Premium growth and profit higher than planned
The profitability, financial stability and capital adequacy of the Triglav Group remain high. Progress has been made in all insurance markets.
“The past year has been successful,” said the President of the Management Board of Zavarovalnica Triglav Andrej Slapar and continued: “The consolidated profit before tax at year-end was even higher than planned. For the second year in a row, the Group recorded premium growth; the combined ratio in non-life insurance in 2016 was better than expected. We are pleased that our credit rating has been upgraded from “A–“ to “A”. The mid-term outlook is stable. These results prove that the Group has maintained a high level of profitability, financial stability and capital adequacy.”

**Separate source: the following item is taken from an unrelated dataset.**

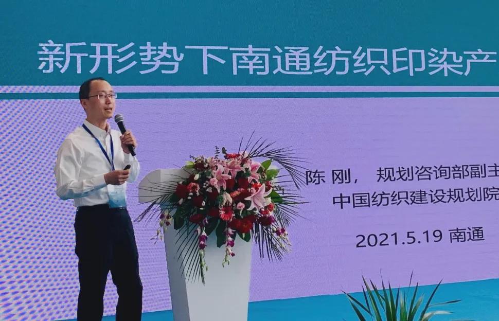 中國紡織建設規劃院規劃咨詢部副主任陳剛為大會作了“新形勢下南通紡織印染產業園綠色發展”專題演講,其在論述紡織行業綠色發展的概念和紡織行業發展面臨的形勢任務基礎上,重點介紹和講解了對南通紡織產業的定位、園區綠色發展路徑的研究成果。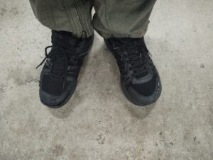右足は普段作業用に履いている、壊れかけのドイツ軍トレーニングシューズ。デパートで接客するのに履いていいやつじゃない。

Opportunities for further growth
In 2016, the Triglav Group further consolidated its market position in the region. In its largest market in Slovenia, the Group's leading market share has increased to 36.2%. Market share increases have also been recorded in all major markets outside Slovenia where the Group sees the greatest opportunities for further growth and developments. The first man of the Triglav Group Andrej Slapar stressed the satisfaction over the fact that the macroeconomic conditions in these markets continue to improve. »We have been present in markets in the region for a long time and we know them well. This is an advantage, allowing us to develop our products and services efficiently and tailor them to the specificities of each individual market.”
In markets outside Slovenia, the Group continued with the development of sales channels, the strengthening of sales through the own sales network and the use of alternative sales channels, particularly the banking channel. It has started marketing health insurance and continued with the transfer of good practices and products. The new range of insurance products that include assistance services brings a clear added value for customers. In the region, this range is for now available in the area of motor vehicle insurance.
In the Slovene market, additional health insurance products have been launched and the Group has achieved great success in the segment of voluntary pension insurance, where the parent company has tripled the number of new customers. The range of life insurance products has been consolidated and partly overhauled. Like in other markets, insurance services have also been complemented with assistance services in the Slovene market; such assistance services have been extended to several segments of non-life insurance and health insurance.
»The year 2017 marks the beginning of a new four-year strategic period for the Triglav Group. We are kicking off very proactively and are fully committed to implementing our new vision,”a says Andrej Slapar. “We are embarking on a path of the dynamic development of new business models with great determination while also maintaining the focus on the profitability and safety of operations.”
Financial strength and positive premium trends in all markets
Uroš Ivanc, Member of the Management Board and CFO, explained the details of the performance in 2016: “The good performance is the result of our customer focus, our favourable market position in the region and efficient investment management in a time when capital market conditions are quite demanding. The Group ended the year 2016 with a profit before tax of EUR 95 million; the return on equity amounted to 11.4%. The Group has successfully maintained its target capital strength, the total capital of the Group has increased by 6% while gross insurance technical provisions, which are the guarantee for the long-term security of our policyholders, have gone up by 2%.”
The Group has performed well in insurance, having booked EUR 936 million of consolidated gross insurance and co-insurance premium, well over the planned value of around EUR 900 million. We have recorded a 2% premium growth rate and are seeing positive premium trends in all insurance markets of the Triglav Group. The combined ratio in non-life and health insurance of the Triglav Group remains at a favourable level, standing at 92.9%.
A comparison with the development of the entire insurance market in Slovenia shows that the 2% premium growth rate posted by the Triglav Group is 0.5 percentage points above the market growth rate. Outside Slovenia, the Group recorded an impressive average premium growth rate of 9%, taking into account the sales of the Czech insurance company in the year-on-year comparison.
In terms of the development of consolidated premium, the premium of non-life insurance has increased by 3.5%, taking into account the sales of the Czech insurance company in the year-on-year comparison. In spite of the high number of maturities of insurance policies, the life insurance premium remained at the same level as in 2015. The health insurance premium has gone up by 5%.
Insurance performance can be significantly affected by large-scale mass loss events such as floods, hail and storms. In 2016, the number of such events was comparable to the long-term average.
The returns on the Group's financial investments (excluding the return on unit-linked insurance contract investments) were 27% lower than in 2015, which is better than expected.
Uroš Ivanc went on to stress that the Triglav Group has been pursuing an investment policy aimed primarily at ensuring the appropriate security and liquidity of investment, with profitability featuring as the second-ranked criterion. This approach to investment will be maintained in the future.